BACKGROUND OF THE INVENTION

The present invention relates to a method for producing sugar and alcohol, plastic and the like from sugar cane by using blackstrap molasses as a source material derived therefrom.

Ethanol derived from the vegetable to be used as a fuel has been expected to be a liquid fuel substituting for a gasoline in order to prevent an increase of carbon dioxide gas. Regarding a method for producing the ethanol derived from the vegetable, one method using sugar cane as a source material is conventionally known (see FIG. 1). Advantageously, in this method, almost all of the energy required for producing the ethanol can be obtained from the energy generated by burning the sugar cane residue from its squeezing or pressing process (hereafter referred to as pressed residue of sugar cane). However, there is a problem in association with the case of using the sugar cane as a source material for the ethanol that due to a competition with the sugar production, any production of the ethanol from the sugar cane supplied from the existing area under cultivation may lead to a decrease in sugar production volume available as foodstuff.

Generally, in producing of sugar (raw sugar) from sugar cane, a method illustrated in FIG. 2 is employed to thus produce the sugar. In this regard, such a method for producing the ethanol has been also suggested that uses blackstrap molasses which is a by-product from the producing process of the sugar (see FIG. 3). According to this method, sugar cane having a fiber component content in a range of 10 to 20% by mass is typically used and while producing the sugar, a pressed residue of sugar cane is burnt so as to supplement the energy required for producing the ethanol.
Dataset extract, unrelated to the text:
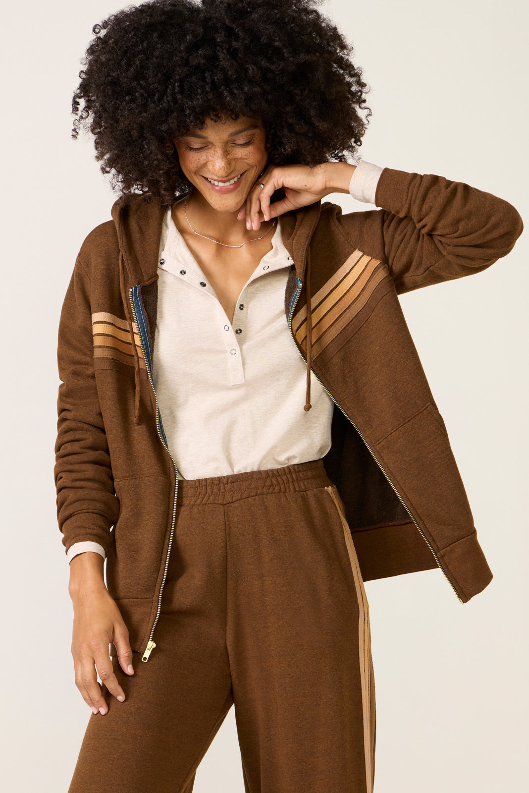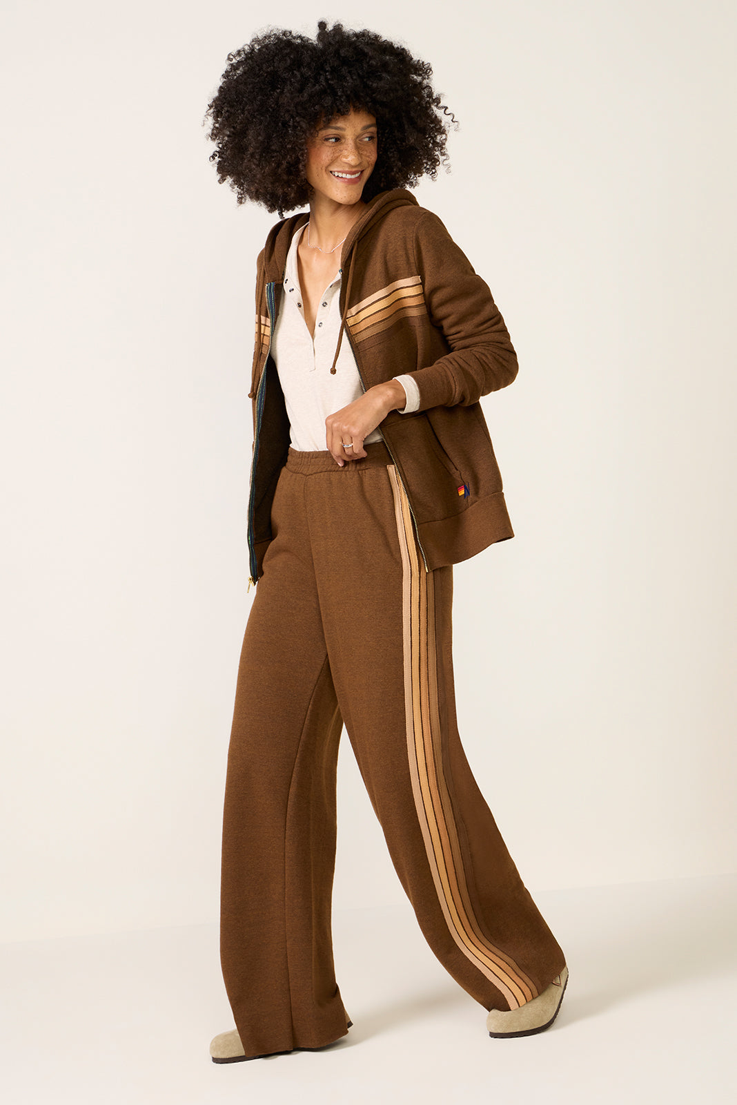 Sure to become part of your weekend rotation. the 5 Stripe Zip Hoodie by Aviator Nation is crafted from a soft. broken-in triblend fabric and features a hoodie with adjustable drawstrings and a relaxed silhouette. Make it a matching set with the 5 Stripe Wide Leg Sweatpant.

Thus, although it can solve the aforementioned problem of decrease in the sugar production, the energy obtainable by burning the pressed residue of sugar cane will be too small to supply all the energy to be consumed in the sugar producing process, which may call for a situation that the shortage of energy has to be compensated for by the energy obtainable from an electric power source or a heavy oil. Further disadvantageously, because of a small amount of blackstrap molasses, the above method yields only a small amount of ethanol to be obtained.

SUMMARY OF THE INVENTION

Accordingly, an object of the present invention is to provide a method for producing sugar and ethanol from sugar cane, which can increase a production amount of ethanol without decreasing that of sugar, said method characterized in that almost of all the energy to be consumed in the production processes of the sugar and the ethanol can be supplied by the energy obtained by burning a pressed residue of sugar cane that is to be resultantly discharged in the production processes of the sugar and the ethanol from the sugar cane.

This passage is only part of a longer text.